Question

Solve the following equation:

\[\sin x + \sin 2x + \sin 3x + \sin 4x = 0\]

Answer 1

\[\sin x + \sin 2x + \sin 3x + \sin 4x = 0\]

\[\Rightarrow \sin3x + \sin x + \sin4x + \sin2x = 0\]
\[ \Rightarrow 2 \sin \left( \frac{4x}{2} \right) \cos \left( \frac{2x}{2} \right) + 2 \sin \left( \frac{6x}{2} \right) \cos \left( \frac{2x}{2} \right) = 0\]
\[ \Rightarrow 2 \sin2x \cos x + 2 \sin3x \cos x = 0\]
\[ \Rightarrow 2 \cos x ( \sin2x + \sin3x ) = 0\]
\[ \Rightarrow 2 \cos x\left( 2 \sin \left( \frac{5x}{2} \right) \cos \left( \frac{x}{2} \right) \right) = 0\]
\[ \Rightarrow 4 \cos x \sin \left( \frac{5x}{2} \right) \cos \left( \frac{x}{2} \right) = 0\]

\[\Rightarrow \cos x = 0 , \sin \left( \frac{5x}{2} \right) = 0\]
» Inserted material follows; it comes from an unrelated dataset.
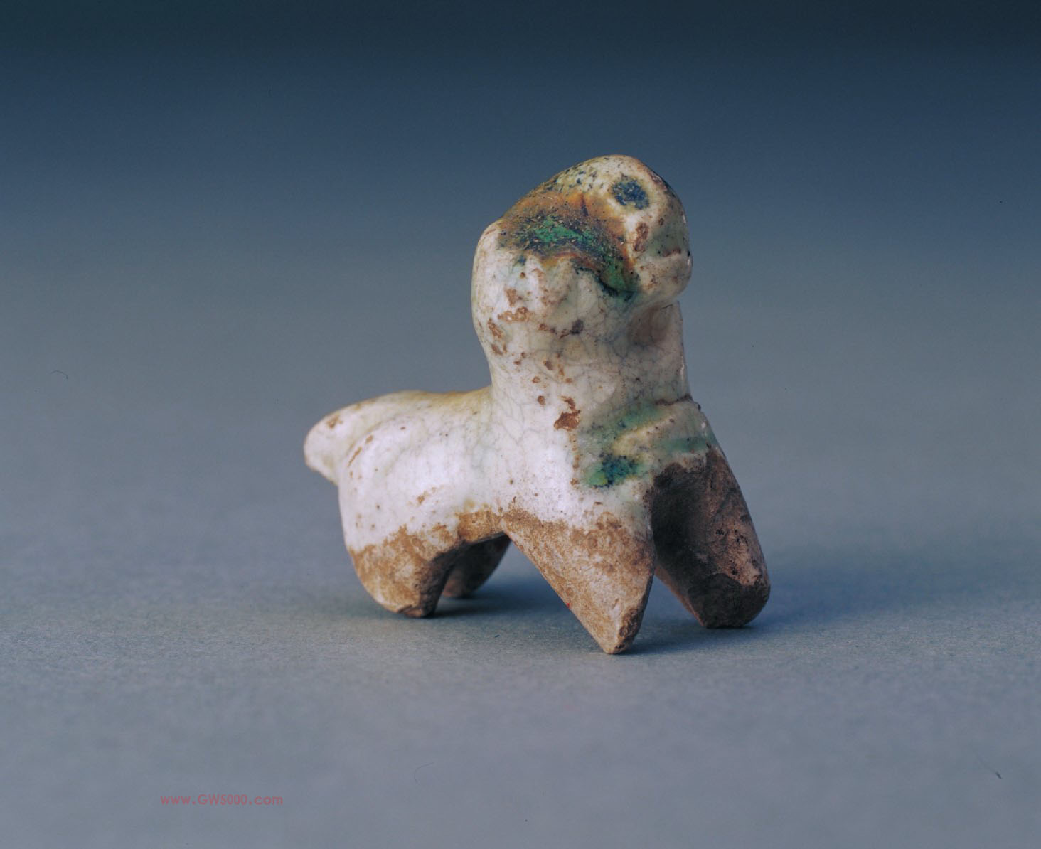 小狗昂首向前,张口吠叫,作奔跑状。通体白釉黑彩装饰。磁州窑生产的儿童玩具风格朴实自然。这件白釉黑彩狗造型小巧活泼,风格自然明快。北宋、元、金代北方地区著名的民间瓷窑之一。窑址位于河北磁县观台镇与彭城镇一带,宋代属磁州,故名。产品以白瓷、黑瓷和白地釉下黑、褐彩绘瓷为主。白瓷装饰有划花、剔花、绿斑、褐斑及珍珠地划花等。白地釉下黑、褐彩划花器是磁州窑的优质瓷,器物除瓶、缸、罐、碗、盆等日用品外,以瓷枕颇为著名,枕底往往有张家、李家、王家和陈家造等印记。图案内容除一般的花鸟禽兽外,还有各种富有生活气息的题材,清新活泼。瓷枕上往往书写宋、金流行的词牌、曲牌,如《满庭芳》、《朝天子》、《普天乐》等,开创了我国瓷器彩绘装饰的新途径,在我国陶瓷史上占有重要地位。

\[\cos \left( \frac{x}{2} \right) = 0\]

\[\Rightarrow \cos x = \cos \frac{\pi}{2}, \sin \left( \frac{5x}{2} \right) = \sin 0\] or

\[\cos \left( \frac{x}{2} \right) = \cos \frac{\pi}{2}\]

\[\Rightarrow x = (2n + 1) \frac{\pi}{2}, n \in Z or \frac{5x}{2} = n\pi , n \in Z\] or,

\[\frac{x}{2} = (2n + 1) \frac{\pi}{2} , n \in Z\]

\[\Rightarrow x = (2n + 1) \frac{\pi}{2} , n \in Z\] or

\[x = \frac{2n\pi}{5} , n \in Z\] or

\[x = (2n + 1)\pi, n \in Z\]